The Italian-made battery-operated device, which wouldn’t look out of place in the MoMA design store, is a new development in controlling New York’s four-legged foes. They’ve also caught the attention of Mayor-elect Eric Adams. In a radio interview this fall, he called the traps “amazing” and vowed to explore deploying them across the five boroughs once he is officially leading City Hall.
Besides its innovative design and noxious chemicals, the rat trap also has a secret weapon: Oreo cookies. “Peanut butter Oreos are the best,” said Jim Webster, Rat Trap Distribution’s director of operations, while installing the contraption outside of Casa La Femme.
The scent of the cookies, crumbled and placed in the top compartment of the two-part trap, along with sunflower seeds, acts as a lure. For a week or so, rodents will be free to crawl through the device’s holes and snack as much as they want.
Once the rats become regulars and “get comfortable,” Mr. Webster said, the device will be turned on, and a platform will drop them into the lower part of the contraption, which serves as a catch basin not unlike a dunking tank at a carnival booth.
Mr. Webster emptied four jugs of a mysterious blue “proprietary” formula into the bottom part of the machine. He said the formula was mostly alcohol and had vapors that “knock the rat unconscious.” He topped the solution off with sunflower oil to “eliminate odor” from decomposition.

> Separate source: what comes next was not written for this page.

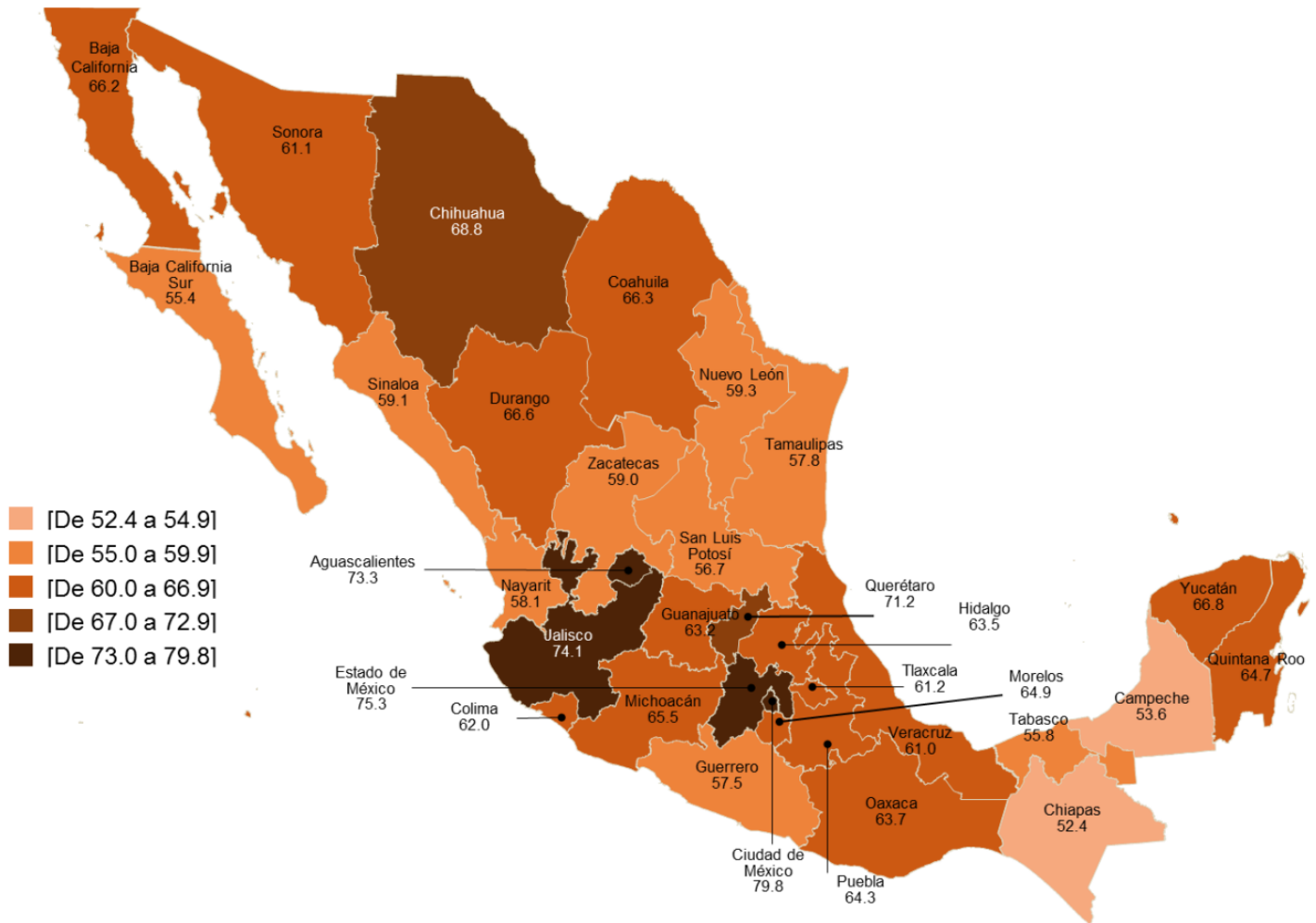
Cuadro. Porcentaje de mujeres que han sufrido cualquier tipo de violencia por entidad federativa

Fuente: INEGI, consultado en la URL: https://www.inegi.org.mx/contenidos/saladeprensa/aproposito/2019/Violencia2019_Nal.pdf

Not everyone is a fan of these methods, though. People for the Ethical Treatment of Animals, or PETA, prefers rodent control that focuses on garbage cleanup and sealing entry points, “not finding new ways to torment and kill small animals who are simply trying to live their lives, just like any other New Yorker,” the organization said in a statement.
Rat Trap Distribution was founded in 2019 by Pat Marino, a resident of Yonkers, in Westchester County. He had no background in pest management but he had heard about the Italian product and saw a business opportunity. He became the sole United States distributor for the manufacturer, boned up on rat stats — two of them can produce 15,000 descendants in a year, according to National Geographic — and opened an office in Maspeth, Queens.
“I became a ratologist,” he said.
Yonkers now has a contract with Mr. Marino’s company, which leases the devices for $250 a month. Inquiries in New York, mostly from real estate management companies, picked up this fall, he said. So far, 150 to 175 of his traps have been installed in the city, from Williamsburg to West Harlem.
Servicing the traps, covered in the rental costs, includes double-wrapping and disposal of the carcasses.
For new clients, the hardest part is the waiting period before the device gets turned on, Mr. Marino said. “They want to see instant results.”
Uptown, at a development on West 90th Street, several traps were installed in August and hundreds of rats had been captured since then, the property manager said.
However, she could not say that she had noticed a difference in the rat population around the complex, because she’s still seeing the creatures everywhere.